Regardless of where your beliefs lie in terms of the Amityville house, My Amityville Horror proves to be incredibly interesting. Even if it were a work of utter fiction, Daniel is a compelling lead character. In a completely emotionally removed sort of way, there's a bastardized feeling of nostalgia one feels when hearing the eldest child reiterate some of the same stories the Lutz couple told all those years ago - in Jay Anson's book, and in all the subsequent newspaper articles and television specials that would follow. If you've followed the Amityville case in any capacity, you're aware of the fly-infested sewing room, the red-eyed pig demon, and the phantom marching band.
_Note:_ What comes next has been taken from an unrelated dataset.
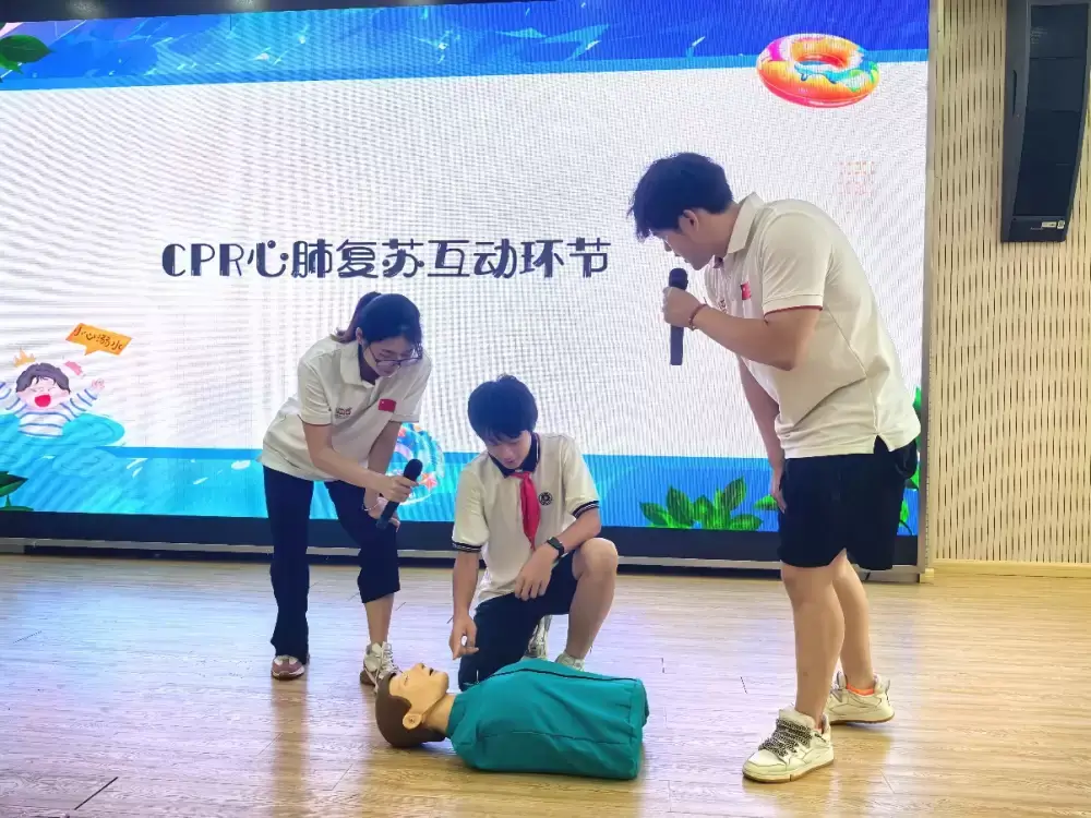 “如果遭遇溺水,有几个小技巧一定要掌握。一是抬头,屏住呼吸,将嘴巴、鼻孔轻轻露出水面,之后再慢慢呼吸,切记不能重呼吸,二是身体放轻松是关键,背部要挺起来,双手轻轻展开,人就可以自然地漂浮在水面上了。”现场还设置了多个模拟场景,亲身示范CPR心肺复苏教学,与孩子们热情互动,让他们体验如何在危急情况下保护自己。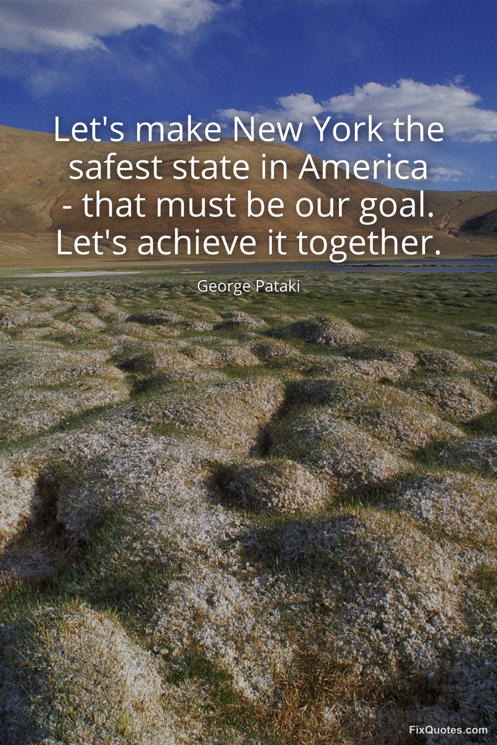 Pataki, George. (2026, January 17). Let's make New York the safest state in America - that must be our goal. Let's achieve it together. FixQuotes. https://fixquotes.com/quotes/lets-make-new-york-the-safest-state-in-america-43583/

But hearing all of these instances retold by a man who claims to have lived it as a child, and delivered in a no-holds-barred way, forces the viewer to reevaluate how he or she may feel about the claims. 

As to the legitimacy of the ghostly and demonic events themselves, I can't speculate, because I wasn't there. Neither were you. People being picked up and thrown across the room, or people becoming possessed by outside evil forces...instances like these are pretty unlikely, but not altogether impossible. Hence, that's the reason why I call Daniel Lutz a compelling lead. On the level or not, perhaps even deluded or not, Daniel's words carry weight. He does not present this information like an actor reading lines from a script. His anger, frustration, and tears make his stories of possession and telekinesis a little easier to swallow. But it is because of this anger that can sometimes make My Amityville Horror difficult to sit through. Daniel is oftentimes impatient with his interviewer. To watch his outbursts can be extremely uncomfortable, even while viewing the film with a thousand-mile buffer zone; I can only imagine the tension present between director Eric Walter and his subject during some of these moments. But because Daniel Lutz is a "real guy" and the documentary is exploring "real events," it would seem disposable to mention that at times Daniel's demeanor can make him unsympathetic. And that's kind of dangerous, considering he deserves your sympathy. This, however, is a slippery slope, because this is being presented as a true and unHollywood approach to telling the story of what "really" happened. As such, it's not like saying A-List Star's character in Such-a-Such movie comes across as unlikable, since that would have been an artistic choice. Daniel is who Daniel is. So while it may be unfair to claim he sometimes comes across as unsympathetic, it cannot go on unmentioned; plus, it does make him a more dynamic "character." (He's also really fond of offering Jim-from-The-Office-like amused glances directly into the camera.)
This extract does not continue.